Many asset classes came under pressure during the third quarter. Commodities were the one exception, achieving a 6.5% return. U.S. stocks and real estate managed to eke out slightly positive returns, while all other risky asset classes were negative. Emerging market stocks achieved the worst return at -8.1%, as Beijing continued to clamp down on certain sectors of the economy.
Major asset class returns.
|Core Bonds – Taxable||0.1%||-1.3%|
|Core Bonds – Municipal||-0.2%||0.4%|
|Global Stocks (as a whole)||-1.1%||11.1%|
|U.S. Large Stocks||0.6%||15.9%|
|U.S. Mid Stocks||-1.8%||15.5%|
|U.S. Small Stocks||-2.8%||20.1%|
|Foreign Developed Stocks||-0.4%||8.3%|
|Emerging Market Stocks||-8.1%||-1.2%|
Beijing has been very active on the regulatory front over the past several months. Technology companies in particular have suffered a great deal due to tighter controls on online lending, an e-commerce anti-monopoly probe, algorithm scrutiny, and restrictions limiting youth online gaming to just three hours per week. In addition, Chinese authorities increased their crackdown on cryptocurrencies with a blanket ban on all crypto transactions and mining.
Shipping log jam.
In recent weeks, we have seen significant backlogs in the ports of Los Angeles and Long Beach, CA. While the numbers fluctuate from day to day, there were 70 container ships in the queue in late September with total capacity of over 432,000 twenty-foot-long containers. To put the enormity of that number in perspective, that’s more than the inbound container volume the Port of Long Beach handled in the entire month of August. It’s roughly what Charleston handles inbound in four months and what Savannah handles in two.
Unfortunately, the bottleneck is unlikely to subside in the near term as worker shortages are prevalent at ports, warehouses, railways, and in the front seats of 18 wheelers. With supply chains already stretched and holiday shopping demand on the rise, economic activity will likely be hindered in the fourth quarter.
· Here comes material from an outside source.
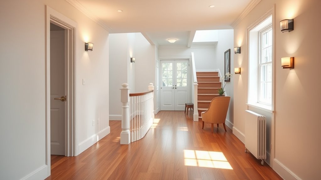 To prevent falls, improve your home’s lighting by adding bright, well-placed fixtures and automatic or motion-sensor lights in dark areas. Keep walkways, stairs, and entryways clear of clutter, securing rugs and organizing items to avoid tripping hazards. These upgrades make moving around safer, especially at night, and boost your confidence around the house. For simple tips to make your home even safer, you’ll find helpful ideas if you continue exploring.
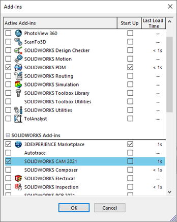 To get using SOLIDWORKS CAM all you need to do is to check the add-in on in the add-ins menu which can be access easily on the drop down of the settings cog at the top of a SOLIDWORKS window.

When examining the current price of goods and services, compared to where they were a year ago, inflation is now running over 5%. As inflation has picked up, Federal Reserve officials have continuously described it as transitory, meaning that it is fleeting or will only last a short time. As prices continue to rise month after month, it is getting more and more difficult to raise that argument. With supply chains stretched, and a shortage of workers in many industries, it is likely inflation will remain at elevated levels for months to come.
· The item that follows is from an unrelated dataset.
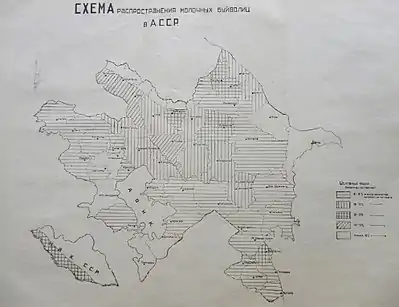 Буйволы распространены по территории Азербайджана неравномерно (см. схематическую карту). Разведению буйволов благоприятствует жаркий климат и обилие воды, в горах выше 1800—2000 м буйволов не разводят. По данным 1930-х годов, наибольший процент буйволов в общем стаде крупного рогатого скота достигался в трёх регионах. Первый — это районы вдоль течения Куры от Кюрдамирского до Самухского района, а также районы вдоль течения рек Алазани и Иори — там процент буйволов в общем стаде крупного рогатого скота составлял 30—50 %. Второй массив — это Хачмазский и Дивичинский (Шабранский) районы на берегу Каспийского моря, где процентное соотношение примерно такое же. Третий массив — это Астрахан-Базарский (Джалильабадский) и Масаллинский районы, где процент буйволов в общем стаде крупного рогатого скота составлял 30—40 %[9]

With inflation on the rise, many wonder how long the Federal Reserve can keep stimulating the economy? In addition to keeping interest rates low, the Federal Reserve has been purchasing $120 billion of securities per month as a form of stimulus to help jump-start the economy and put people back to work as we recover from the COVID pandemic. These purchases, along with other stimulus efforts early in the pandemic, have resulted in Federal Reserve assets growing from $4 trillion to over $8.5 trillion.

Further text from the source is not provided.